Deciphering microbial and metabolic influences in gastrointestinal diseases-unveiling their roles in gastric cancer, colorectal cancer, and inflammatory bowel disease
- PMID: 40380167
- PMCID: PMC12085054
- DOI: 10.1186/s12967-025-06552-w
Deciphering microbial and metabolic influences in gastrointestinal diseases-unveiling their roles in gastric cancer, colorectal cancer, and inflammatory bowel disease
Abstract
Introduction: Gastrointestinal disorders (GIDs) affect nearly 40% of the global population, with gut microbiome-metabolome interactions playing a crucial role in gastric cancer (GC), colorectal cancer (CRC), and inflammatory bowel disease (IBD). This study aims to investigate how microbial and metabolic alterations contribute to disease development and assess whether biomarkers identified in one disease could potentially be used to predict another, highlighting cross-disease applicability.
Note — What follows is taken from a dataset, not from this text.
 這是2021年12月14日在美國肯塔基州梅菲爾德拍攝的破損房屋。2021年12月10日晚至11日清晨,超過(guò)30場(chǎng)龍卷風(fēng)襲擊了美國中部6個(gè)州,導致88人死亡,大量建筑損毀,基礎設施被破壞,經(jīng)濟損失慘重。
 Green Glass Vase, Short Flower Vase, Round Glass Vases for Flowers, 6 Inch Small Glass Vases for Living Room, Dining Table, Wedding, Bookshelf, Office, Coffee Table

Methods: Microbiome and metabolome datasets from Erawijantari et al. (GC: n = 42, Healthy: n = 54), Franzosa et al. (IBD: n = 164, Healthy: n = 56), and Yachida et al. (CRC: n = 150, Healthy: n = 127) were subjected to three machine learning algorithms, eXtreme gradient boosting (XGBoost), Random Forest, and Least Absolute Shrinkage and Selection Operator (LASSO). Feature selection identified microbial and metabolite biomarkers unique to each disease and shared across conditions. A microbial community (MICOM) model simulated gut microbial growth and metabolite fluxes, revealing metabolic differences between healthy and diseased states. Finally, network analysis uncovered metabolite clusters associated with disease traits.
Results: Combined machine learning models demonstrated strong predictive performance, with Random Forest achieving the highest Area Under the Curve(AUC) scores for GC(0.94[0.83-1.00]), CRC (0.75[0.62-0.86]), and IBD (0.93[0.86-0.98]). These models were then employed for cross-disease analysis, revealing that models trained on GC data successfully predicted IBD biomarkers, while CRC models predicted GC biomarkers with optimal performance scores.
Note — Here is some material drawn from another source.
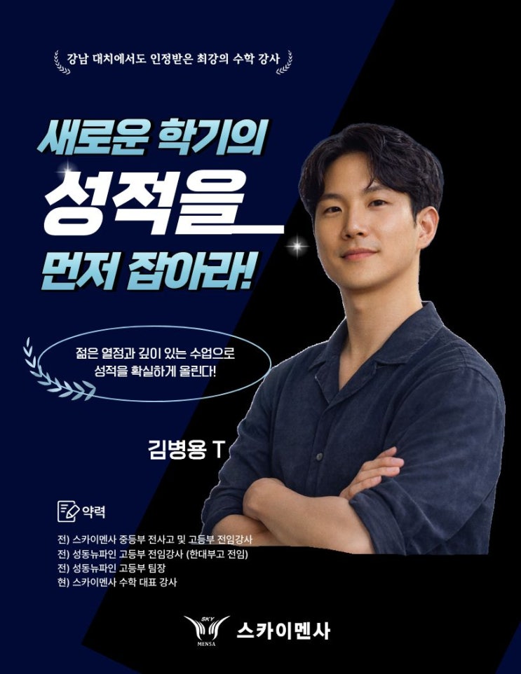 ✔ 목표는 단 하나 단기 점수 상승이 아닌, 스스로 생각하고 해결하는 수학 실력 완성. 수학이 약점인 학생에게는 자신감을, 상위권 학생에게는 확실한 1등급 경쟁력을 만들어드립니다. ● 중2 내신반● ▶화/목 : 18:00~22:00 ▶토 : 첨삭 및 클리닉 ● 고1 내신반● ▶월/수 : 18:00~22:00 ▶토 : 첨삭 및 클리닉 ● 고2 내신반● ▶화/목 : 18:00~22:00 ▶토 : 첨삭 및 클리닉 ● 고3 1등급반● ▶월/수 : 18:00~22:00 ※ 토요일은 약점 보완을 위한 첨삭과 클리닉이 진행됩니다. ※ 철저한 관리와 꼼꼼한 지도로 최상의 성적을 만들겠습니다. 최선의 선택. 0.1% 전문교육 스카이멘사 ☎ 문의: 02-2642-2710 <img src="https://blogthumb.pstatic.net/MjAyNjAzMTdfMjA1/MDAxNzczNzQ5OTIxMTI0.eIIbJDTRkI_cgGeL2XKLvR5Z0VeyomG1jRXk7q0Pdr4g.rrkvoddjer6t_sZ1ntnhesBDZM1f10altqP-n3HJsOsg.JPEG/%B1%E8%BA%B4%BF%EBT_%B0%AD%BB%E7%C7%C1%B7%CE%C7%CA.jpg?type=s3" />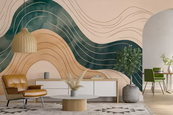 Τοιχογραφίες Αφηρημένες κυματιστές γραμμές σε αποχρώσεις φυσικής άμμου και σμαραγδιού Nr. w09732

Conclusion: These findings emphasize the potential of microbial and metabolic profiling in cross-disease characterization particularly for GIDs, advancing biomarker discovery for improved diagnostics and targeted therapies.
Keywords: Biomarkers; Colorectal cancer; Gastric cancer; Inflammatory bowel disease; Machine learning; Metabolome; Microbiome.
© 2025. The Author(s).
Conflict of interest statement
Declarations. Ethics approval and consent to participate: Not applicable. Consent for publication: Not applicable. Competing interests: The authors declare that this research was conducted without any competing personal or financial relationships that could be considered potential influences on the work presented in this paper.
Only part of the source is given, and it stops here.